Come again? Where was this "widespread criminality," this "sectarian conflict" when Saddam, our favourite war criminal, was in power? What do the Iraqis think about this? And how typical that the American media went at once to hear Bush's view of the Baker repor--rather than the reaction of the Iraqis, those who are on the receiving end of our self-induced tragedy in Mesopotamia. They will enjoy the idea that American troops should be "embedded" with Iraqi forces. Not so long ago, it was the press that had to be "embedded" with the Americans!-- as if the Romans were ready to put their legions amid the Goths, Ostrogoths and Visigoths to ensure their loyalty.

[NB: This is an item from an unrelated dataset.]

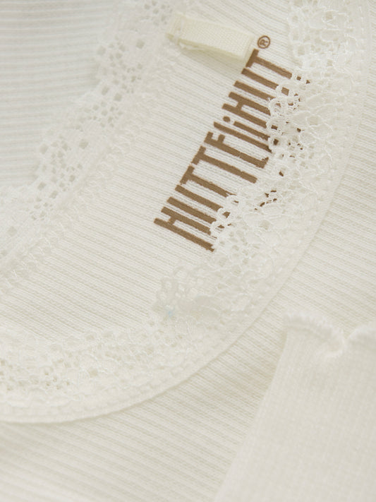 Top lange mouw - Modal katoen - Tofu/off white - Huttelihut

What the Romans did do, of course--and what the Americans would never do--is offer their subjects Roman citizenship. Every tribe--in Gaul or Bythinia or Mesopotamia--who fell under Roman rule became a citizen of Rome. What could Washington have done with Iraq if it had offered American citizenship to every Iraqi? There would have been no insurrection, no violence, no collapse or catastrophe, no Baker report. But no. We wanted to give these people the fruits of our civilisation - not the civilisation itself. >From this, they were banned.

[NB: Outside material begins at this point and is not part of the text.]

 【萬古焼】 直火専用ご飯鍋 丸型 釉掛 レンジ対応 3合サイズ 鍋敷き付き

And the result? The nations we supposedly hated--Iran and Syria--are now expected to save us from ourselves. "Given the ability [sic] of Iran and Syria to influence events and their interest in avoiding chaos in Iraq, the United States should try to engage [sic] them constructively." I love those words. Especially "engage". Yes, the "influence of America" is diminishing. The influence of Syria and Iran is growing. That just about sums up the "war on terror". Any word yet, I wonder, from Lord Blair of Kut al-Amara?